Frequently Asked Questions
What is Certificate Transparency and why does it matter for OSINT?
Certificate Transparency (CT) is an open framework requiring CAs to log every SSL/TLS certificate to public logs. Over 2.5 billion certificates have been logged since 2013. For OSINT investigators, CT logs are a goldmine: every certificate contains the domain names it covers (in the CN and SAN fields), revealing subdomains, internal hostnames, staging environments, and infrastructure that organizations may not realize is publicly visible — all without sending a single packet to the target.
How do I search Certificate Transparency logs for a domain?
The most common method is querying crt.sh, a free CT log aggregator. Search for %.example.com to find all certificates with subdomains. The JSON API endpoint (crt.sh/?q=%25.example.com&output=json) returns structured data for scripting. For real-time monitoring, use Certstream. For programmatic access at scale, crt.sh also exposes a PostgreSQL database on port 5432 (user: guest, database: certwatch).

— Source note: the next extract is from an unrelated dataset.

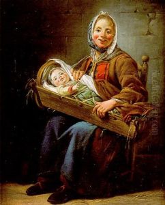 A Portrait Of A Woman, Said To Be Genevieve Lorry, Dressed As A Savoyarde, Holding A Child In A Crib, Sitting In A Courtyard, Together With A Dog

Can Certificate Transparency logs detect phishing campaigns?
Yes. ML models achieve 95%+ accuracy classifying phishing from CT metadata alone. Phishing indicators include: typosquatted domains with DV certificates, certificates obtained within hours of domain registration, short validity periods, and brand names in subdomains of unknown domains. Real-time CT monitoring via Certstream can flag suspicious certificates within minutes of issuance.
What are the privacy implications of Certificate Transparency?
CT logs permanently expose every hostname for which a certificate is issued. Research from IMC 2018 showed CT honeypot domains received scanning within 73 seconds. This reveals internal infrastructure, project codenames, and employee usernames. The primary mitigation is using wildcard certificates (*.example.com) to avoid exposing specific subdomain names.